Interviewer: Can you guide me through what they told you to do? 

Informant: First of all every woman in the family had Yerba Buena, so my Mom called me and told me to come over when I told her my daughter was colicky. She gave me my own little sprout, and a pot to plant my own because she told me that I was gonna need it. First you wash them really really good because they’ve been out in the dirt. And then you put 2-3 leaves and boil it and it’ll turn a light brown, but don’t let that scare you. You have to cool it before you put it in the bottle. I tasted it, it tastes like mint and water. No sugar. You don’t put sugar, you just let the leaves lose in the water. 

Interviewer: How much would you feed her? 

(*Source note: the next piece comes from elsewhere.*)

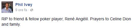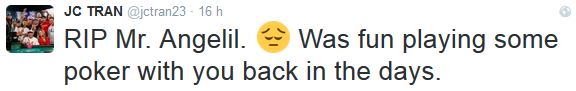 Hanno scritto un messaggio di cordoglio per la sua scomparsa, tra gli altri, Phil Ivey, JC Tran e Barry Greenstein.

Informant: No more than an ounce, I would give her more as she grew up but usually just an ounce. 

Interviewer: Did you see it work? 

Informant: Yes, I saw it work. You have to burp the baby after they drink. When they have colic they are tense and crying– usually that’s how you know. You will see the relief in them, they will start relaxing- at least she did. She was able to calm herself. 

Interviewer: What does this practice mean to you?

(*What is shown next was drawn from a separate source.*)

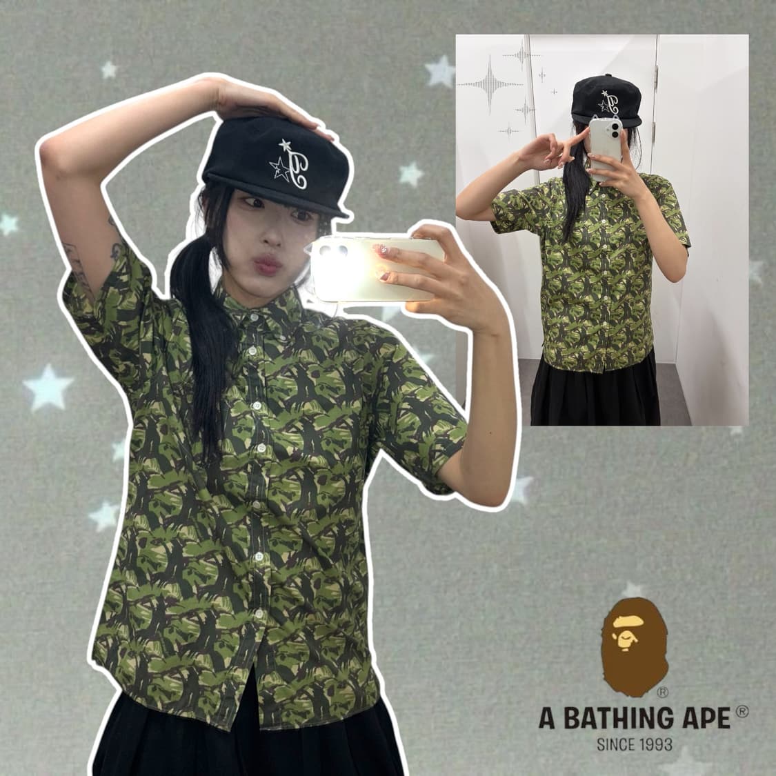 국내매장판 정품A Bathing Ape 별 패턴 반팔 셔츠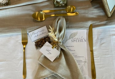 Wir bieten personalisierte Deko und goldenes Besteck für Ihre besonderen Anlässe und Veranstaltungen an.

I think this is where the conflict between Americanized medicine and, I’m forgetting the word, what do they call it now? Alternative medicine. We used to call it home medicine, back in the day that is how we had to go about treating it when medicine was new. People knew this stuff, and even today some of it is true. 

Any other comments? 

No. I just think when you are a young mother you just want your baby to be happy. I was skeptical when my family told me about this, but I saw the proof in my own eyes. So, I guess I started to, um, trust the remedies more.

Background

The informant is my mother, a Mexican woman who is first-generation and the oldest of 3, who was born and raised in San Ysidro,CA  a border town just north of Tijuana, Mexico. Influenced by memories and conversations with her great great grandmother, many of her practices, customs, and beliefs were passed down from her maternal side of Mexican customs. Fluent in both English and Spanish, the informant has always felt conflicted about her culture as she wanted to fit in with American customs but wanted to preserve her Mexican heritage and traditions. The informant had her first child when she was 18, and worked her way as a single mother with two kids to attain her Master’s Degree and is now the Executive Vice President at a non-profit health clinic that serves the community she was raised in.

Context

My Mother and I often joke about how horrible babies we were, and she often tells us the stories of the different practices that my Nana would teach her to calm us down. My grandmother lives in our house in San Diego and still practices many forms of folk medicine and plants her Yerba Buena in our garden to this day. Over the phone I asked my Mom about the different practices we would talk about to understand the context better. 

Analysis

As the informant points out, this is a perfect example of folk medicine as it can not be proven with “science” but has passed down in our family for generations. Since the informant has worked in the healthcare industry for most of her professional life, she is often conflicted with following these home remedies even though they work because she is around medical professionals on a daily basis. However, I believe that she still practiced many of them and tells my sister’s who now have children of their own to practice them not only because they work, but to preserve our Mexican culture and roots.